Цитаты из песни MARINA – Immortal
I wanna be immortal
Like a God in the sky
I wanna be a silk flower
Like I'm never gonna die
Всё течёт, всё меняется.
Она стоит у панорамного окна и смотрит, как закат догорает над Нью-Йорком, и закат отражается в её глазах, пустых и безразличных.
Это совсем не тот Нью-Йорк, в котором она когда-то родилась. Это давно уже не город времён её молодости. Это и не город, который она защищала в расцвете своей карьеры. Это даже больше не город из тех напряжённых дней, когда они стояли на пороге гражданской войны, и не из того тёмного времени, когда они в неё окунулись. И даже не город тихого, пустого и торжественного утра, когда всё кончилось.
Она прожила в Нью-Йорке всю свою жизнь, но сейчас, наблюдая, как гаснет над ним солнце и зажигаются неоновые огни, оживают ночные голограммы, вспыхивают рекламные купола, он кажется ей совершенно новым.
Чужим.
Незнакомым.
– Бэмби, какой сегодня день?
– Сегодня пятое сентября две тысячи сто сорок восьмого года. С днём рождения!

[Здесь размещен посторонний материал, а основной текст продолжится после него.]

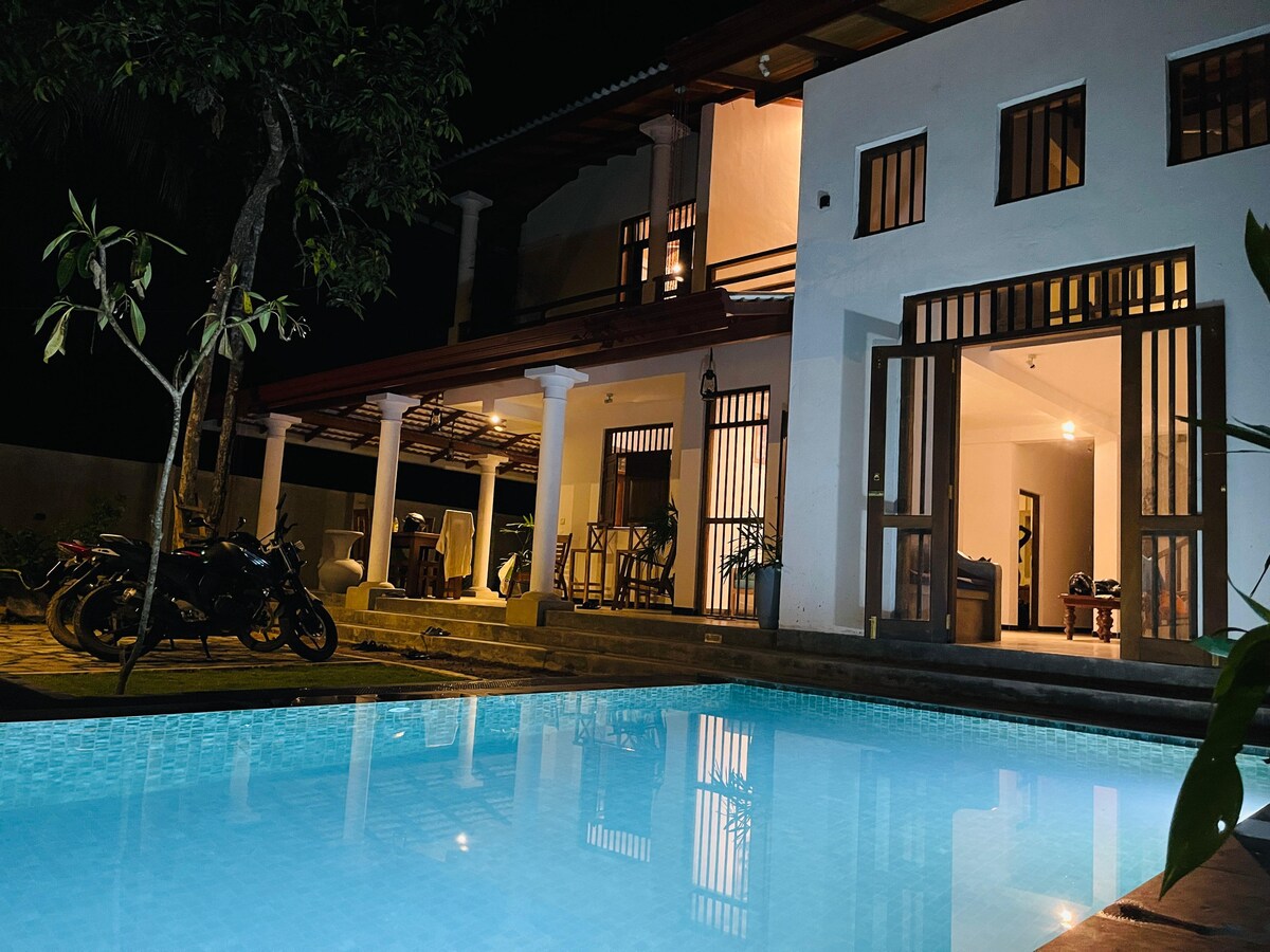 位於烏納瓦圖納山(Unawatuna hill)當地房屋之間的翻新2間臥室小屋。俯瞰樹木和美麗的烏納瓦圖納灣的迷人景觀。私人花園和泳池。步行10分鐘即可抵達海灘,短途嘟嘟車即可抵達烏納瓦圖納(Unawatuna)、塔爾佩(Thalpe)餐廳和加勒堡(Galle Fort)。如果房源不可訂,請查看我們的花園套房或隔壁的Mango House別墅,由同樣優秀的團隊提供服務。

Детский синтетический голос в наушнике отзывается с чётко выверенной микросекундной задержкой, имитирующей скорость ответа живого существа. Она кривит губы в усмешке, такой же безразличной, как и взгляд. День рождения, ну что за бессмыслица. Какая разница, если не с кем его отметить? Если единственный, кто готов тебя поздравить – голосовой помощник, бездушный искин, с голосом и именем, настроенными в память о разработке давно утраченной дочери?
Когда представляешь себе вечную жизнь, она кажется такой желанной. Просто жить, никуда не торопиться, никогда не спешить. Какой в этом смысл, если у тебя в запасе всё время этого мира? Когда ты не ограничен самой базовой, одинаковой для всех естественной границей – смертностью? На смену лету приходит осень, за ней зима, следом – весна, и вот уже снова лето, и этот круговорот бесконечен. День сменяет ночь, и снова ночь сменяет день. Цветы распускаются и вянут. Снег выпадает и снова тает. Деревья прорастают из крошечного семени и через какой-то десяток лет устремляются в небеса. Настанет время, и дерево тоже умрёт, не покроется нежными почками очередной весной, засохнет и, наконец, рассыплется трухой.
Мир подвижен.
И только ты остаёшься одной и той же, час за часом, день за днём, год за годом. Стазис. Только воспоминания копятся и лежат мёртвым грузом, скребут под грудиной, стремясь вызвать хоть какие-то эмоции, наполнить лёгкие чувствами, которые давно уже отмёрзли и отмерли. Она думает, что к своим годам предпочла бы уже многое не помнить, но её мозг всё так же молод, как и в 1973, и не умеет забывать. И она перебирает в голове картотеку из лиц, дорогих и ненавистных, листает список имён и прозвищ. Как в антикварном видеопроекторе, пересматривает картинки из прошлого, события, голоса, лица, лица, лица. Будто в самом деле ждёт, что на какое-то воспоминание собьётся дыхание, громче стукнет сердце, сожмётся в спазме желудок.
Этого не происходит.
Отсчитав вторую сотню лет, она точно знает: смысла торопиться нет.
That's what we do it for
To reserve a place
It's just another part of the human race
– Подскажите, как я могу к вам обращаться?
Улыбчивая кукла-андроид выжидательно пялится, замирает в ожидающей позе. Сколько лет потрачено на то, чтобы избавить эти поделки от эффекта зловещей долины, и всё никак не получается. Стеклянные глаза с отчётливо заметными камерами вместо зрачков смотрят на неё тупо и бессмысленно, морщинки от растянутых в улыбке губ на синтетической коже вызывают неприятный холодок в затылке и лёгкий приступ тошноты. Какая же мерзятина.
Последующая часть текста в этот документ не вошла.